Risk score, explained
CVSS 3.1 score of 6.1 reflects: Network-accessible attack vector (AV:N), Low attack complexity (AC:L), no authentication required (PR:N), but User Interaction required (UI:R). The impact is Confidentiality and Integrity degradation (C:L/I:L) with no Availability impact (A:N). The Scope Change (S:C) accounts for potential impact on downstream systems. The Medium severity designation acknowledges that real-world exploitation depends on social engineering and victim action, but the ease of crafting attacks and the sensitive nature of OAuth flows warrant careful monitoring and timely patching.
Frequently asked questions
Can this vulnerability be exploited without user interaction?
No. The attack requires a user to click a malicious link or be redirected to the authorization endpoint. An attacker cannot silently exploit this vulnerability server-to-server; phishing or social engineering is a prerequisite.
Does this affect only externally facing authorization servers, or also internal deployments?
Both are at risk, though external deployments are higher priority. Internal authorization servers are vulnerable to insider threats or lateral movement attacks where an attacker controls a machine on the internal network and crafts malicious links to send to other users.
What's the difference between patching and implementing compensating controls?

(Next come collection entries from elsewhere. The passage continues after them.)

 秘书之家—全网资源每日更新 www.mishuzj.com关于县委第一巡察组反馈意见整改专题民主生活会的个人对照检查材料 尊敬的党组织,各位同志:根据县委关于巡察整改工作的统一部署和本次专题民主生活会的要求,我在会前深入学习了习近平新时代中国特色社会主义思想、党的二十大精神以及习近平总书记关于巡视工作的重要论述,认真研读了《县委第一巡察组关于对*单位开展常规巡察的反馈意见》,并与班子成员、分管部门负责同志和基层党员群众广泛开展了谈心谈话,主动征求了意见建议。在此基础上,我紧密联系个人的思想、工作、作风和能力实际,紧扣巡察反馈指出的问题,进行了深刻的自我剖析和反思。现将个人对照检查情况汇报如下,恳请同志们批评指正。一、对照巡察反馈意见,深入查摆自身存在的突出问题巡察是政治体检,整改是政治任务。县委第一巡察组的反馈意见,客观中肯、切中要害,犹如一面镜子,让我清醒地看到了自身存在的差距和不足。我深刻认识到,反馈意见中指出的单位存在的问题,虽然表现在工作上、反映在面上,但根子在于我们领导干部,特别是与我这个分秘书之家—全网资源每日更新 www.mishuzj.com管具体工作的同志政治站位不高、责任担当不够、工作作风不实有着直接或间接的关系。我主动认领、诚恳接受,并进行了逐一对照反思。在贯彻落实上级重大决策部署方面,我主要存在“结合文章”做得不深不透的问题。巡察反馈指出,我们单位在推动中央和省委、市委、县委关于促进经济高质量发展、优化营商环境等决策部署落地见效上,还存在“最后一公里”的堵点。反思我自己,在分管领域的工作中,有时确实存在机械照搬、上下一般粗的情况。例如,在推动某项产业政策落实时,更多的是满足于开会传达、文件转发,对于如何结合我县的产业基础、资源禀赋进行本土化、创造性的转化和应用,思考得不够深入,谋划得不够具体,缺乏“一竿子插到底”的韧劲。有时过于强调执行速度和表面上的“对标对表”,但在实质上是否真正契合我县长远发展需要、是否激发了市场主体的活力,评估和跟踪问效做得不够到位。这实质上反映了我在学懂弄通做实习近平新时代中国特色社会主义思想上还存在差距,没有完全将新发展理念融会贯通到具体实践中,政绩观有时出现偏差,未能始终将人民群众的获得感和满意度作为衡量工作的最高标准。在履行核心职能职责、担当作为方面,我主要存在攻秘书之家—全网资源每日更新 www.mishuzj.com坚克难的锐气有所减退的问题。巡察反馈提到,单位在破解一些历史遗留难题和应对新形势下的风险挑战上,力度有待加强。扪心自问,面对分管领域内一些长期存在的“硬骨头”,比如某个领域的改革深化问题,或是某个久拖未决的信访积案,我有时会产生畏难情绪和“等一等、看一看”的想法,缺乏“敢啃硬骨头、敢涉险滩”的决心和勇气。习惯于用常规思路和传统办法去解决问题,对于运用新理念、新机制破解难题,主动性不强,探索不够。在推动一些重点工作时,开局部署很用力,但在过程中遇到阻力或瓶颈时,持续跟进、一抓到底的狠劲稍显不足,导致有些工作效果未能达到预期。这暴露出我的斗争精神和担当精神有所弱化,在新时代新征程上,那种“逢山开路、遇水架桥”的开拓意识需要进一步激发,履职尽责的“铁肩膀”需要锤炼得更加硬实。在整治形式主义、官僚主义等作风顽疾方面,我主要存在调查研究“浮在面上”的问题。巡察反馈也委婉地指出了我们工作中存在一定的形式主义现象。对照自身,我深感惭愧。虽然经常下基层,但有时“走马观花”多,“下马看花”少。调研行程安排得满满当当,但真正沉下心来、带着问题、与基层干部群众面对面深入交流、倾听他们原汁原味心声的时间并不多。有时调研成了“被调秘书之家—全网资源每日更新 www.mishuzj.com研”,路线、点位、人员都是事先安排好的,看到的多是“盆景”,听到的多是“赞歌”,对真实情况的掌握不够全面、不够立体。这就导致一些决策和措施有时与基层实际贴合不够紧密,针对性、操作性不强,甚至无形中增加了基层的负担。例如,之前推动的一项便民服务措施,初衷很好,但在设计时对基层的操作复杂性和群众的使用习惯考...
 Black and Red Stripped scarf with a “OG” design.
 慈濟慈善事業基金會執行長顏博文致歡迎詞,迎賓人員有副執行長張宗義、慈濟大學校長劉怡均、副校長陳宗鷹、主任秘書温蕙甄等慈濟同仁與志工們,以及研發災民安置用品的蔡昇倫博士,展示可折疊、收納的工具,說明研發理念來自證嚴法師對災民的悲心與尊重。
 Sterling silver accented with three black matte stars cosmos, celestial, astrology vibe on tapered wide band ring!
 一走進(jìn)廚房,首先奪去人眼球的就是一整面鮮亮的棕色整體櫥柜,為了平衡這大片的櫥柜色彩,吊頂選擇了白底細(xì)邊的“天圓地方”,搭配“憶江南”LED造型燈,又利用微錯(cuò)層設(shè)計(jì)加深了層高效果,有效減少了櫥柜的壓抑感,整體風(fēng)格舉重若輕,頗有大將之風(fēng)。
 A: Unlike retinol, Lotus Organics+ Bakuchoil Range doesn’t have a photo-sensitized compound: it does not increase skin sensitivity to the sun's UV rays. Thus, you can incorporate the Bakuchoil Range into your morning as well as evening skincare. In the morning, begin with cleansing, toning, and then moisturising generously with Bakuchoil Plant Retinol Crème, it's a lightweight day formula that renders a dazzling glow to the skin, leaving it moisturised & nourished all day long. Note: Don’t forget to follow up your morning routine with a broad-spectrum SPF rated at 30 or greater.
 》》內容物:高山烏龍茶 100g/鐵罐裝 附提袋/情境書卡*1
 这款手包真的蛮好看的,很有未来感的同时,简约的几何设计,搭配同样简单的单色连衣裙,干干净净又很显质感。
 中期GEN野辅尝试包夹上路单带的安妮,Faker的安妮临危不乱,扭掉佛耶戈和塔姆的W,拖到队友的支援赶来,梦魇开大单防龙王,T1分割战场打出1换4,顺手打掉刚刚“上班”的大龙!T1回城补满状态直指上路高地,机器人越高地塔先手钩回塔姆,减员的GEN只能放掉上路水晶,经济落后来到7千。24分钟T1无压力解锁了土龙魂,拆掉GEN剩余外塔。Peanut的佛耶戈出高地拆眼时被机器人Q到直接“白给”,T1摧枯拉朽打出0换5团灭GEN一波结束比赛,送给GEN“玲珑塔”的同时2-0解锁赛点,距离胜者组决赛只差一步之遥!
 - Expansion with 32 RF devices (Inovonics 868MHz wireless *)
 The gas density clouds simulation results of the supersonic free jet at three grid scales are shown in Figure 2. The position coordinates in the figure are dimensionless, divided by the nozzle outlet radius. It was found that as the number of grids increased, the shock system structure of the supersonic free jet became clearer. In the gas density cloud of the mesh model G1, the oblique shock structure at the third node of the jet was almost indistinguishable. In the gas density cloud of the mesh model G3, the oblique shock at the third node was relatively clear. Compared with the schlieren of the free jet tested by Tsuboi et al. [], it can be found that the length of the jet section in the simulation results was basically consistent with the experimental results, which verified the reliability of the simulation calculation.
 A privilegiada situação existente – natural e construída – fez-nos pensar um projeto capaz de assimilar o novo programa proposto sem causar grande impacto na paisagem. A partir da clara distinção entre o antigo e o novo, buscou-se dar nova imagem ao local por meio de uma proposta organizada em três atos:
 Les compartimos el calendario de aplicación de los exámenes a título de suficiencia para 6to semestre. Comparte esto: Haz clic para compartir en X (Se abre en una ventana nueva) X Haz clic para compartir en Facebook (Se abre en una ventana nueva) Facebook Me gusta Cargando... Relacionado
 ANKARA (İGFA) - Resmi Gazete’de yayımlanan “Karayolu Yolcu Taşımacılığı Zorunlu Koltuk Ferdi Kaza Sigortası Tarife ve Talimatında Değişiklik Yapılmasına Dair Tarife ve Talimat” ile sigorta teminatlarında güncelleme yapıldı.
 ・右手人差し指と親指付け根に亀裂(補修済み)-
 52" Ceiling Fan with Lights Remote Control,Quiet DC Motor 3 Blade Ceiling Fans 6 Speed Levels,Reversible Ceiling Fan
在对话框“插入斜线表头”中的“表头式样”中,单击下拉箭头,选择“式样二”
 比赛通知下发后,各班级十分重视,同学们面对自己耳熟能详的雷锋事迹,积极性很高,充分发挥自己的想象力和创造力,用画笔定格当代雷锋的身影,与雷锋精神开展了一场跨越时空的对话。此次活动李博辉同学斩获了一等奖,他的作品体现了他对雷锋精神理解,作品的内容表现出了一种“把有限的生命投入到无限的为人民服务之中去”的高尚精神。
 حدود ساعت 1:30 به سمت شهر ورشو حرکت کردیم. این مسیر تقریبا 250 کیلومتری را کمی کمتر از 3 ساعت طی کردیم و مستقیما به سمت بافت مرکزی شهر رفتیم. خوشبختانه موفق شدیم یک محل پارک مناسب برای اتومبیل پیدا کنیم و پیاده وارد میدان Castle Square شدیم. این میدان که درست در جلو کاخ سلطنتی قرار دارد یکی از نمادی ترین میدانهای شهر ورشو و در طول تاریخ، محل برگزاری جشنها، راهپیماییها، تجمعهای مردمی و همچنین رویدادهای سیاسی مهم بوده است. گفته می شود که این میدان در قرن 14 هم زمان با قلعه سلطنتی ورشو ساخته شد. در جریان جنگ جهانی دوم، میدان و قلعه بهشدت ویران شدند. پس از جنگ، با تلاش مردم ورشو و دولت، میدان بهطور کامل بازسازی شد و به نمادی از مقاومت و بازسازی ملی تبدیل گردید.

Patching fixes the underlying validation logic and is the only permanent solution. Compensating controls like allowlisting, WAF rules, and network segmentation reduce exploitability but do not eliminate the flaw. Use controls as interim measures only while you plan and test patch deployment.
How does this vulnerability interact with single sign-on (SSO) implementations?
In SSO environments, the authorization server is a critical trust boundary. A successful open redirect attack here can compromise credentials used across all downstream applications, amplifying the blast radius. SSO-heavy organizations should treat this as especially urgent.
This analysis is based on CVE-2026-41008 as published and does not constitute security advice specific to your environment. Verify all patch versions and compatibility against official vendor advisories before deployment. SEC.co provides this information for educational and risk assessment purposes; organizations must conduct their own threat modeling and testing. No exploit code or weaponized proof-of-concept is provided herein. Source: NVD (public-domain), retrieved 2026-07-19. Analysis generated by SEC.co (claude-haiku-4-5).